- _Work item_
Retype, exactly as written, every line from the one containing "- Regulatoren har" through the last line of the records below, both included; skip the pictures.

- _Dataset records_

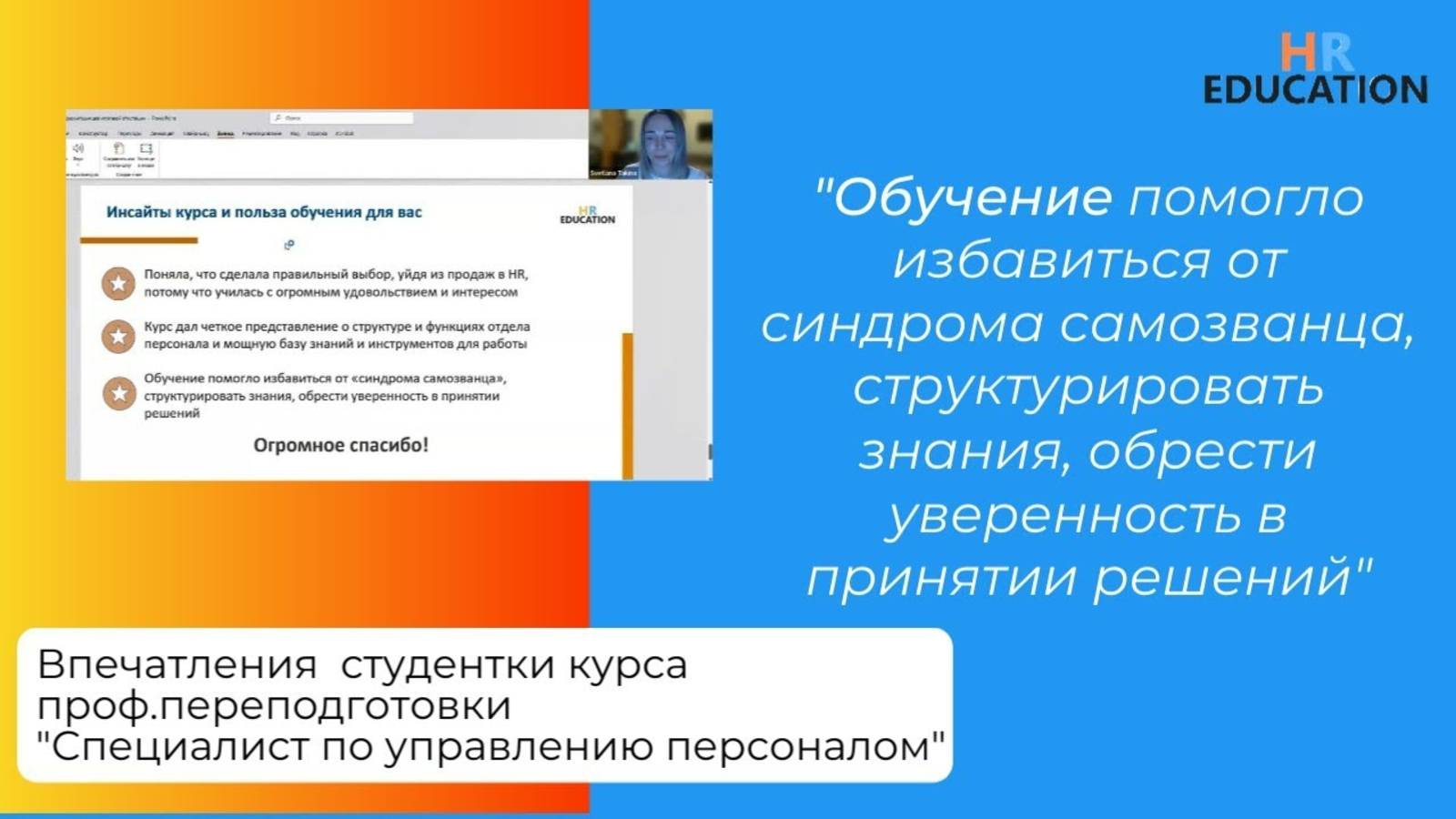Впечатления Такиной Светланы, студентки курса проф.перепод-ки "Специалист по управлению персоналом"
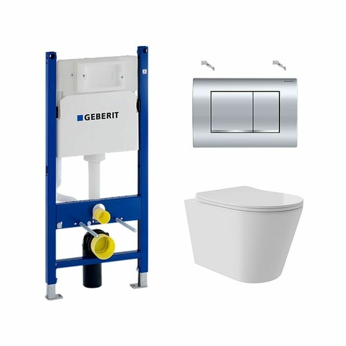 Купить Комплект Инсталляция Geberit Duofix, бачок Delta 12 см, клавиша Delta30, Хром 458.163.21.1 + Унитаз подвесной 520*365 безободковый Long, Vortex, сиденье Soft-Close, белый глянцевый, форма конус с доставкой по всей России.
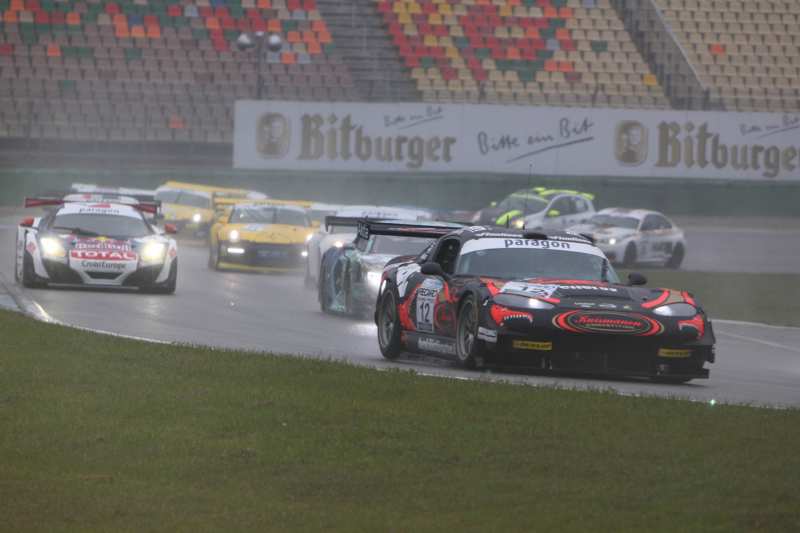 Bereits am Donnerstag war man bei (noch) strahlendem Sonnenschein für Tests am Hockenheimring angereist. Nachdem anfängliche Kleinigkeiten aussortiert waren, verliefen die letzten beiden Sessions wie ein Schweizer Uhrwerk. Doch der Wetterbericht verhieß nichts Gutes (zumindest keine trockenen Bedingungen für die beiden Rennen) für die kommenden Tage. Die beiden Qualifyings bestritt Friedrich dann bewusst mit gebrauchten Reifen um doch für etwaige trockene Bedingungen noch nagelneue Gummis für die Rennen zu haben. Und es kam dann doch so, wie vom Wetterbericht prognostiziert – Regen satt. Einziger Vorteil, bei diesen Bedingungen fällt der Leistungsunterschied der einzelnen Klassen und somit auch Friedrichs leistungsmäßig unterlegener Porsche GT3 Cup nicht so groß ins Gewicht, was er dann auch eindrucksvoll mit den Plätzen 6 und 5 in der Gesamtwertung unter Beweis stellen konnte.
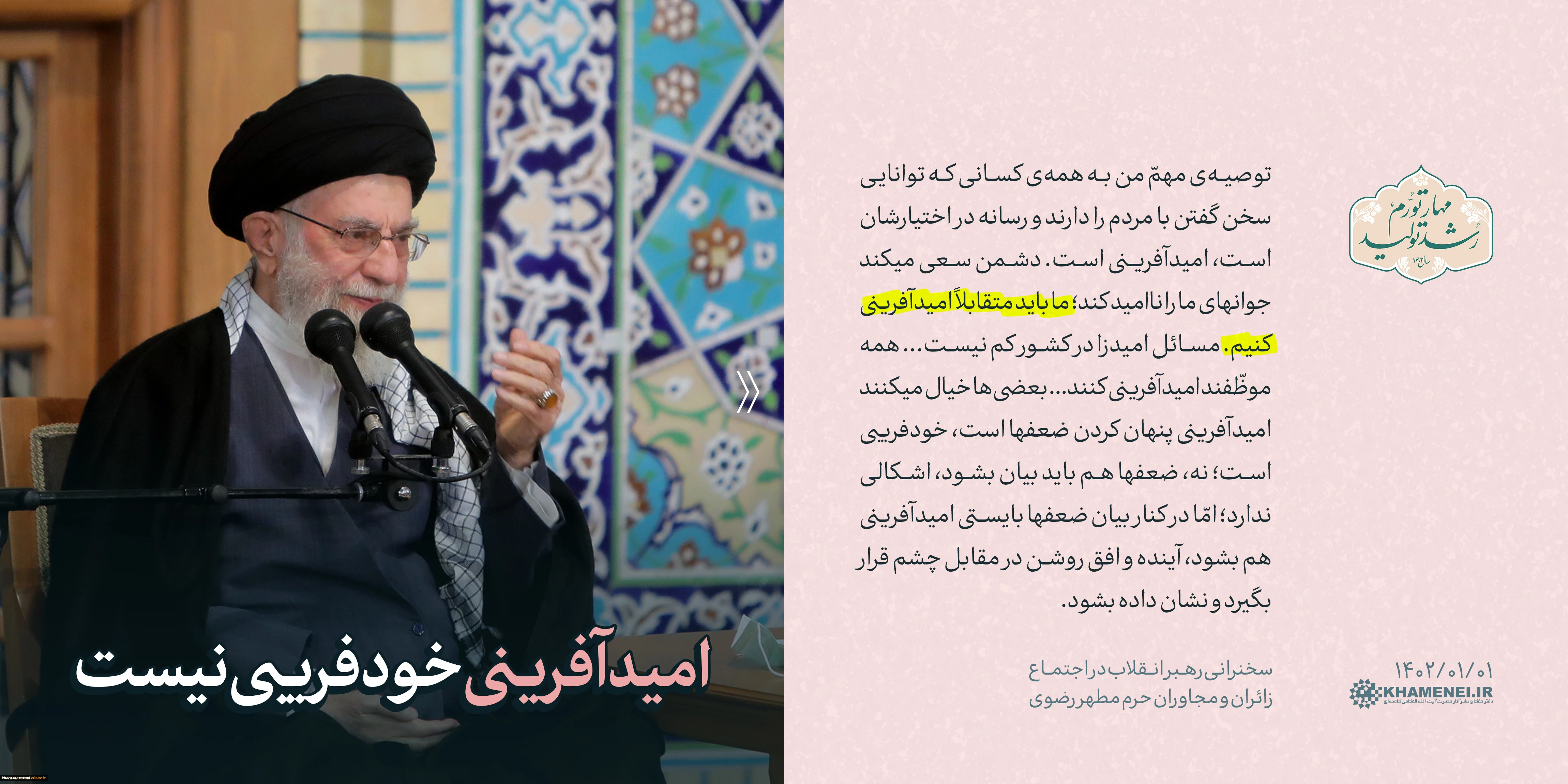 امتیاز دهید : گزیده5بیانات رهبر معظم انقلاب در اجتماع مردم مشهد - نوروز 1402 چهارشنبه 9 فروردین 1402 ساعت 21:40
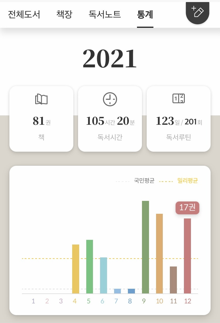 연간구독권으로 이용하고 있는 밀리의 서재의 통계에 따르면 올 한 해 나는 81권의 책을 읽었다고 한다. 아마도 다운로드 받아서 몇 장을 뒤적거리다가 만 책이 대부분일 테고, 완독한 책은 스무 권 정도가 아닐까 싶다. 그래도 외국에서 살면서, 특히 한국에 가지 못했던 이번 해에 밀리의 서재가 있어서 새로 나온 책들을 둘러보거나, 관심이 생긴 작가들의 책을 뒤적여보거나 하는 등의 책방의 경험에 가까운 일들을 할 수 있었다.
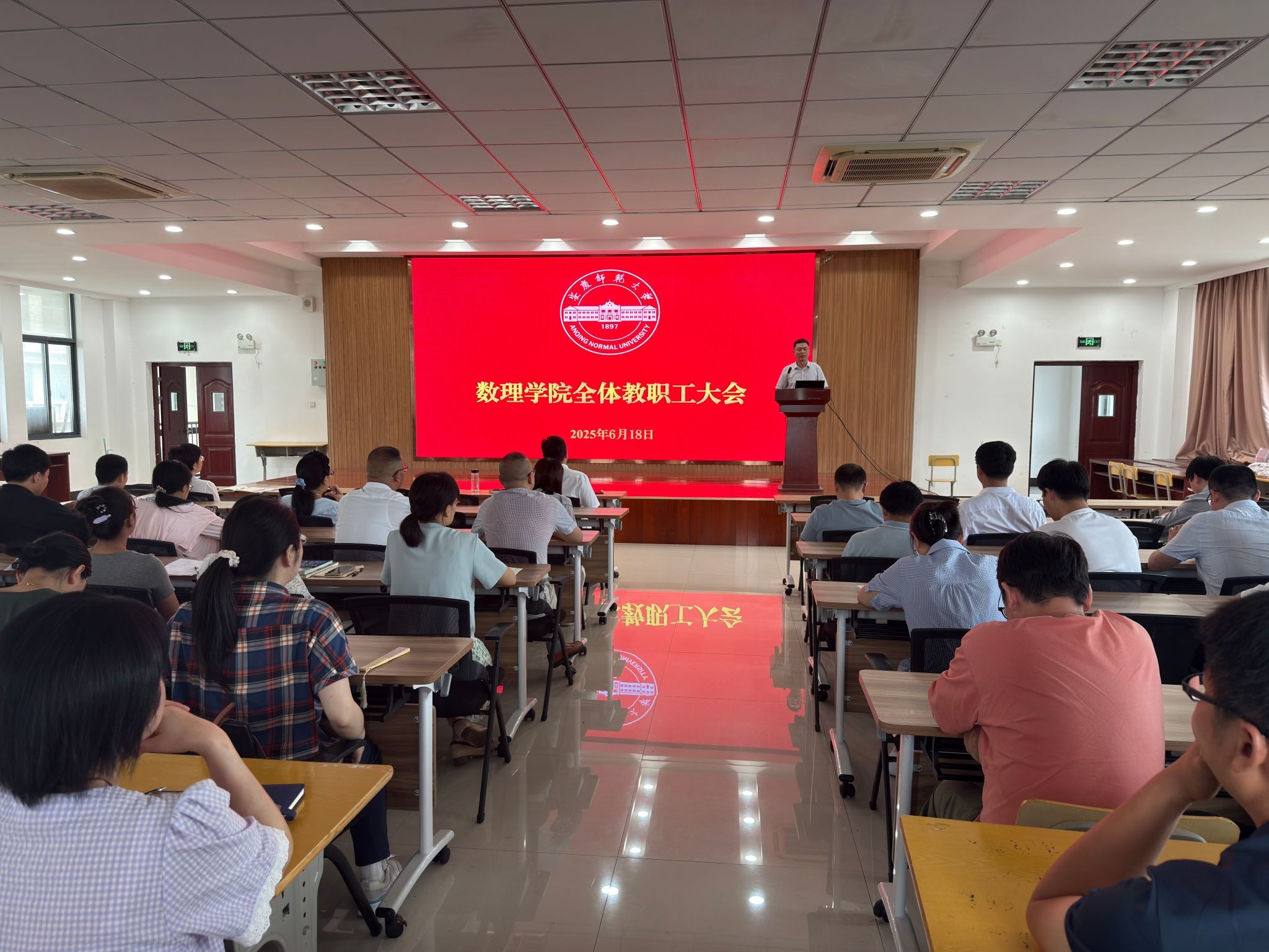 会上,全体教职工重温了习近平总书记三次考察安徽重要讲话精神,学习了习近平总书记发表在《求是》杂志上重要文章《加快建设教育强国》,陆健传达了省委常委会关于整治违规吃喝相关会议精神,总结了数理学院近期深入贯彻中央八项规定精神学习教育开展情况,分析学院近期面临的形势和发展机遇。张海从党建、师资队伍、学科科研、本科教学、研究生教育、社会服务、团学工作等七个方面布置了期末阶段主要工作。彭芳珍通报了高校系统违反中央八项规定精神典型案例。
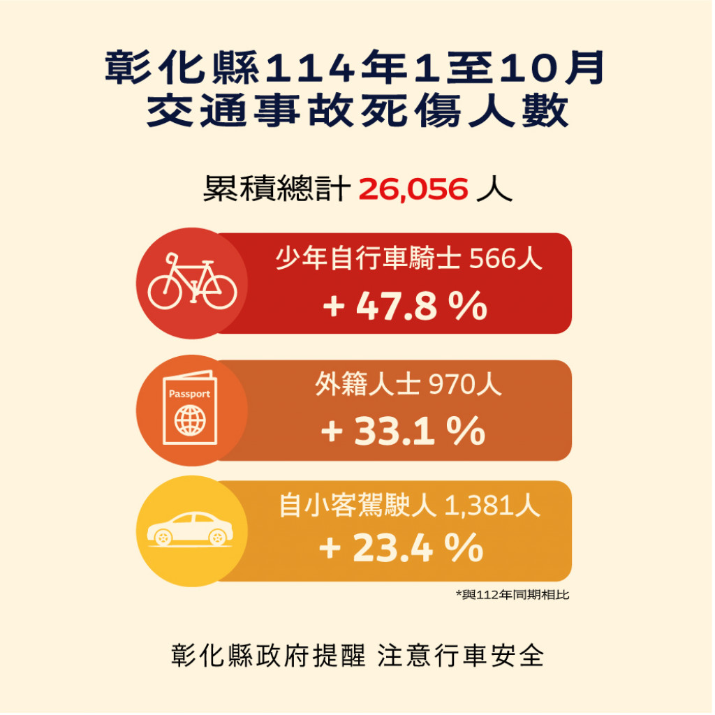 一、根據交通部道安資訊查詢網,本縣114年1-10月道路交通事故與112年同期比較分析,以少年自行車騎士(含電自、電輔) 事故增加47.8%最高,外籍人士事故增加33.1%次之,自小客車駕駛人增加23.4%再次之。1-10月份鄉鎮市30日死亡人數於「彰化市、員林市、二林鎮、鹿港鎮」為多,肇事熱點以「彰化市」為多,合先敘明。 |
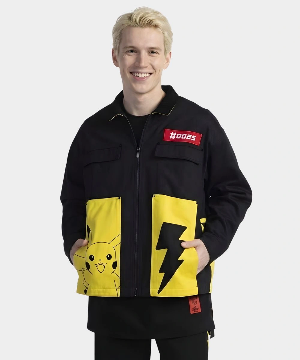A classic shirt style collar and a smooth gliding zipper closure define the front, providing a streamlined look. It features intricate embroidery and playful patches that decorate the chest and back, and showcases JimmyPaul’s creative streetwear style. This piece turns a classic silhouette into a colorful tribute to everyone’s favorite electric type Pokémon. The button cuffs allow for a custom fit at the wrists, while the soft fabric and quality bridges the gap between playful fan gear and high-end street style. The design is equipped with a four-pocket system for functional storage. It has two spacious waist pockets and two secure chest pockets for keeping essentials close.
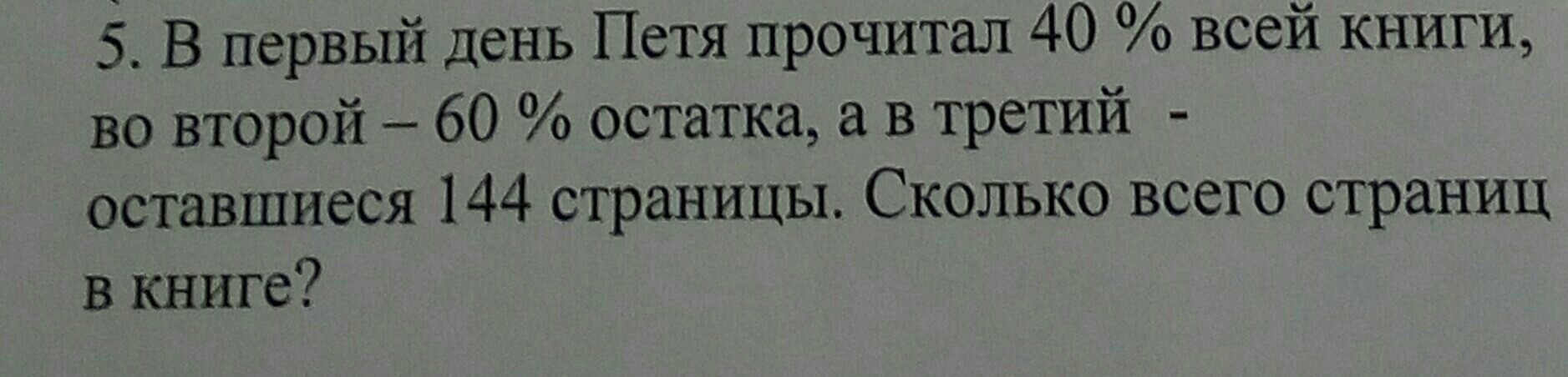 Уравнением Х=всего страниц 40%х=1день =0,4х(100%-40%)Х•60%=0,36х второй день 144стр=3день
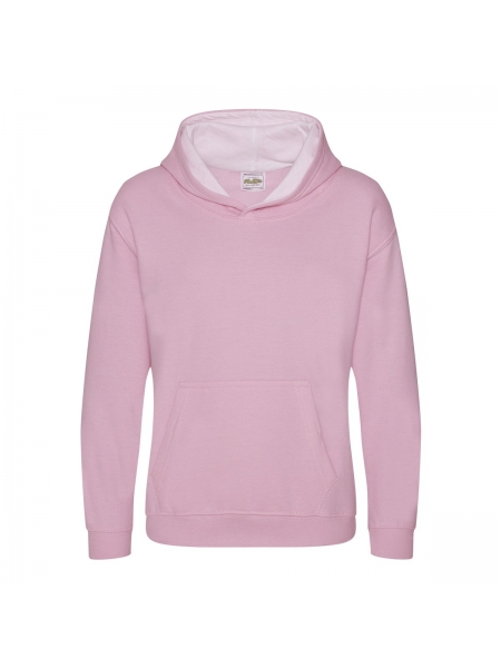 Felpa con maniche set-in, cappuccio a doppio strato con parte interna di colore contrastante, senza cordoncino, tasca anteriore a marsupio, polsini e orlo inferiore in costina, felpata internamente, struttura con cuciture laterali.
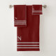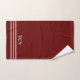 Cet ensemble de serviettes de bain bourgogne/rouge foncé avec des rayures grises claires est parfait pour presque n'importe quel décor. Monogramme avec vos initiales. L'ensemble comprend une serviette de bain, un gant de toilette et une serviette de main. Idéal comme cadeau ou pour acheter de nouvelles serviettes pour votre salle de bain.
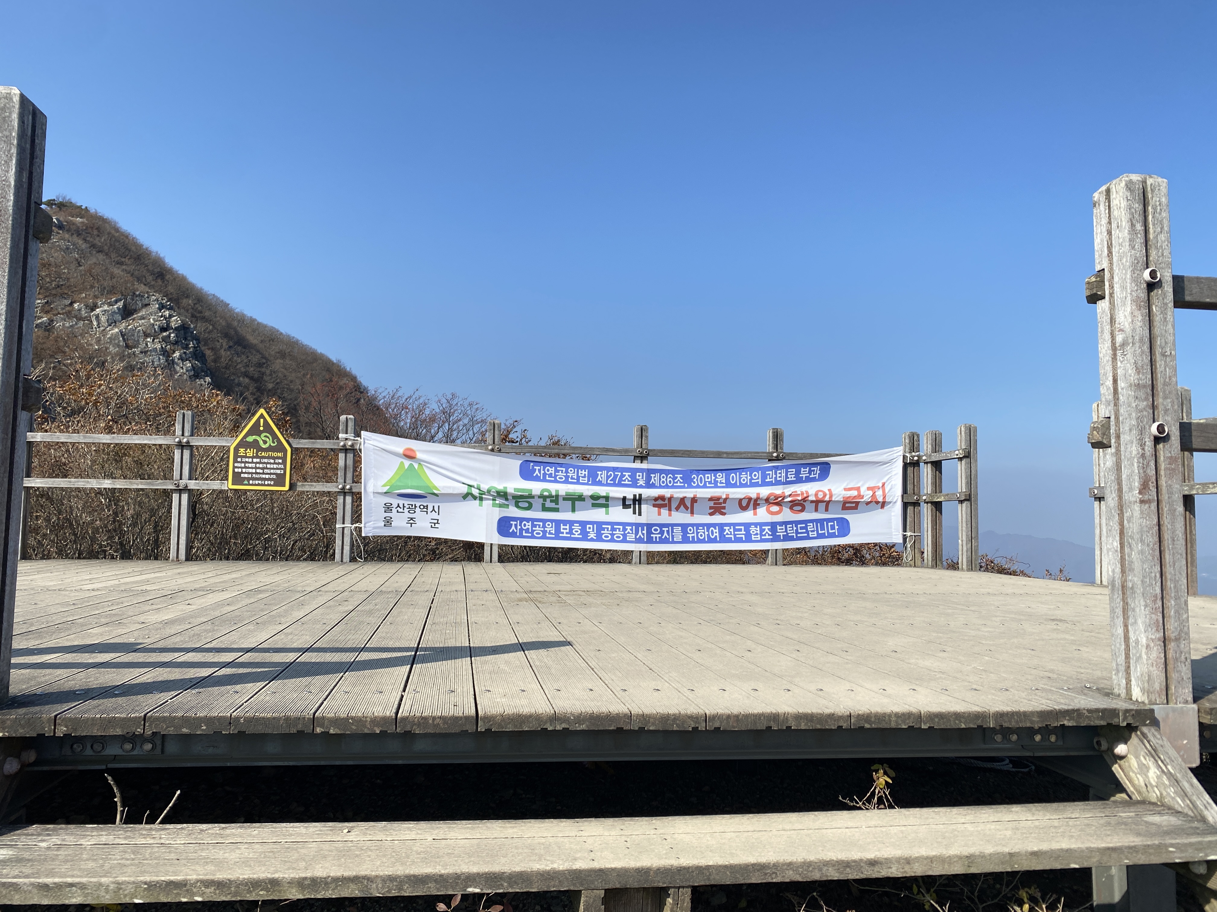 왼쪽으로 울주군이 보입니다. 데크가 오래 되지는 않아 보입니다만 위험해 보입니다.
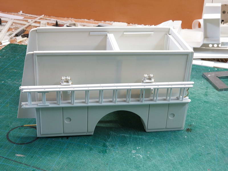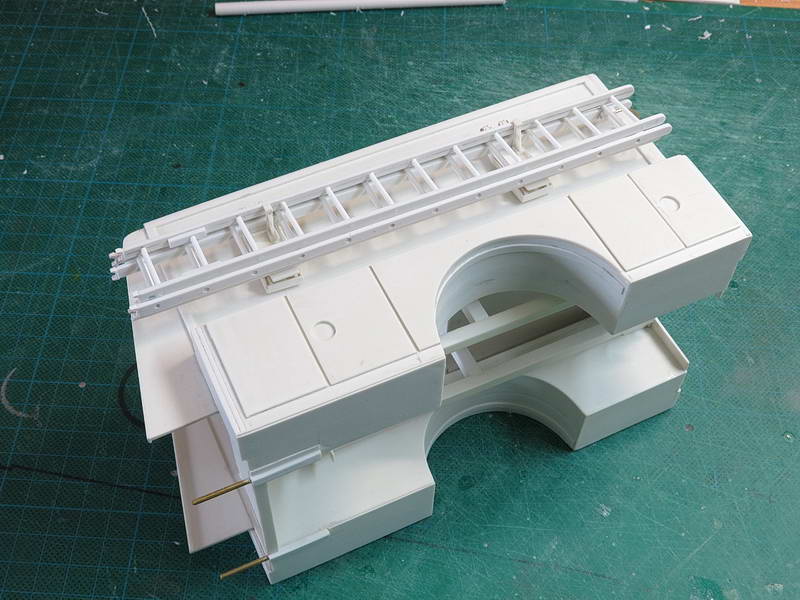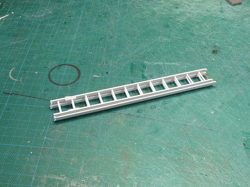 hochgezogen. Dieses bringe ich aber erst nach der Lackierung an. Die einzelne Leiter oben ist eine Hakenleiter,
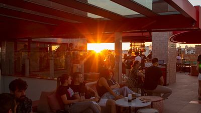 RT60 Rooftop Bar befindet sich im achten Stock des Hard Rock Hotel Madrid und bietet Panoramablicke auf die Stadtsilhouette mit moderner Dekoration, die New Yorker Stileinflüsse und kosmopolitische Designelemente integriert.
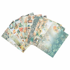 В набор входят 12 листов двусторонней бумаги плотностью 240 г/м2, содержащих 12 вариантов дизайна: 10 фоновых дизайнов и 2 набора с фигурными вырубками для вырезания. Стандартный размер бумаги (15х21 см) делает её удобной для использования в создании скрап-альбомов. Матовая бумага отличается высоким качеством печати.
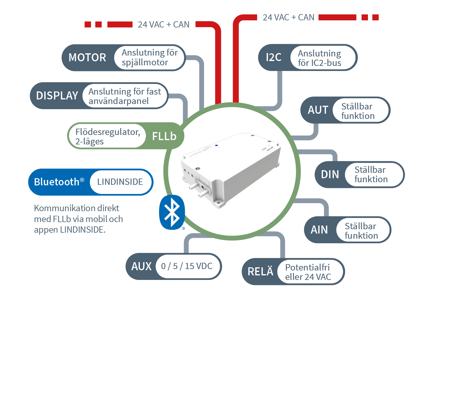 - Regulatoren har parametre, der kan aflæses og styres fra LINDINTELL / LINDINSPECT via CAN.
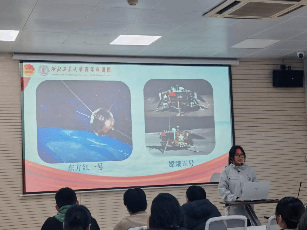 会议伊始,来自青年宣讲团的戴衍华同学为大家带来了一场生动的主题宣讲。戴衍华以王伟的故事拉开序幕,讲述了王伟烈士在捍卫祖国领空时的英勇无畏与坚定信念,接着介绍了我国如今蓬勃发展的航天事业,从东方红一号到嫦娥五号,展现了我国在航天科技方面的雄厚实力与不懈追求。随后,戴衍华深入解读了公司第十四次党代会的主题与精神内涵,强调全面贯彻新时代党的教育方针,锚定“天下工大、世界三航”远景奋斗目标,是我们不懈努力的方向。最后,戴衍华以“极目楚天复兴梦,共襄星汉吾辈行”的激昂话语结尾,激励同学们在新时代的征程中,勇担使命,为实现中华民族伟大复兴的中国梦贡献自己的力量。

- _Result_
 - Regulatoren har parametre, der kan aflæses og styres fra LINDINTELL / LINDINSPECT via CAN.
 会议伊始,来自青年宣讲团的戴衍华同学为大家带来了一场生动的主题宣讲。戴衍华以王伟的故事拉开序幕,讲述了王伟烈士在捍卫祖国领空时的英勇无畏与坚定信念,接着介绍了我国如今蓬勃发展的航天事业,从东方红一号到嫦娥五号,展现了我国在航天科技方面的雄厚实力与不懈追求。随后,戴衍华深入解读了公司第十四次党代会的主题与精神内涵,强调全面贯彻新时代党的教育方针,锚定“天下工大、世界三航”远景奋斗目标,是我们不懈努力的方向。最后,戴衍华以“极目楚天复兴梦,共襄星汉吾辈行”的激昂话语结尾,激励同学们在新时代的征程中,勇担使命,为实现中华民族伟大复兴的中国梦贡献自己的力量。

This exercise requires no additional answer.